[BRIEF NOTE] Going South
Feb. 18th, 2005 08:51 pmOver at Salon.com, Patrick Smith has a travelogue describing his visit to Buenos Aires and Montevideo.
It's worth reading, and not only because of the funny meditation on in-flight music at the travelogue's beginning.
Buenos Aires must be on any architecture buff's short list of must-sees, if only for the novelty: a distinctively, almost stubbornly European city in the middle of Latin America. I'm tempted to call it "stunning," but that's a word that implies a measure of new, bright and gleaming. Buenos Aires, for all its neoclassical monuments, carved facades and filigrees, does not gleam. It exists gloomily beneath a layer of grime and neglect, which at this point, depending on the neighborhood, treads the precarious ridge between old-word charm and dilapidation.

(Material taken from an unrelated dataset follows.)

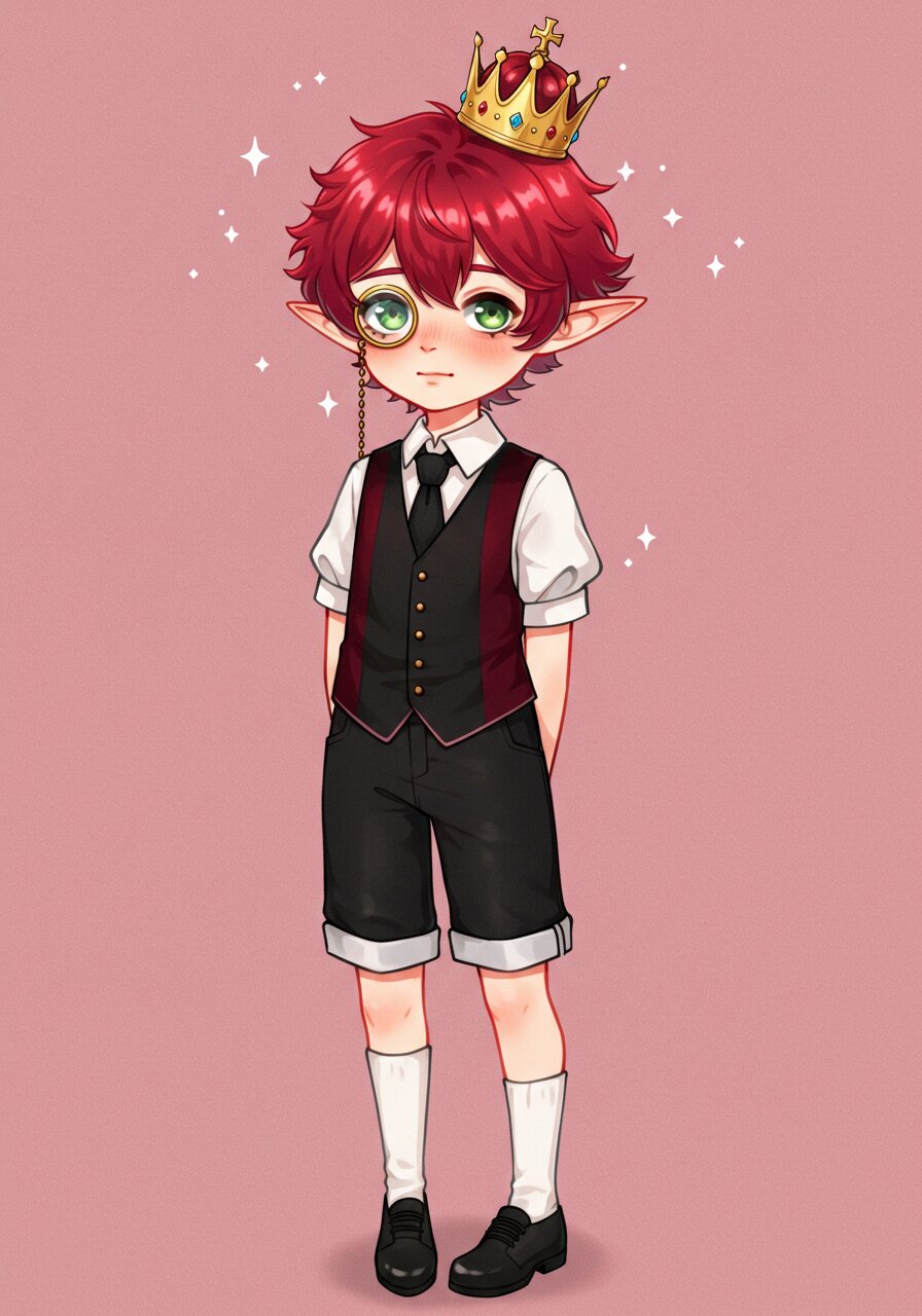 A young, elf-eared boy with fluffy, vibrant red hair styled similarly to Ragatha from "The Amazing Digital Circus". His left eye is covered with a monocle. He has gentle green eyes and a shy, innocent-looking face. He wears a short-sleeved white shirt with a black necktie, and a fitted vest with a black front panel and dark red (maroon) side panels. He also wears black shorts with the cuffs rolled up to reveal white lining. His outfit is completed with white socks and black shoes. He is wearing a slightly oversized, ornate crown that rests loosely atop his head, its size emphasizing his small stature and adding a whimsical, fairy-tale-like charm to his appearance. Full body, standing pose. The art style is semi-realistic anime, with soft shading and detailed fabric textures.

A certain state of post-colonial disrepair would be ordinary in lesser-developed countries, but from a supposed world-class center of sophistication I expected more. So it goes in Argentina after years of corrupt governments, hyperinflation and economic free-fall. I was amazed at the numbers of homeless people wandering around B.A.'s busiest commercial zones. Not merely individuals, mind you, but whole families, sleeping on heaps of refuse and rummaging through dumpsters adjacent to chic clothing shops and banks.
It's worth reading, and not only because of the funny meditation on in-flight music at the travelogue's beginning.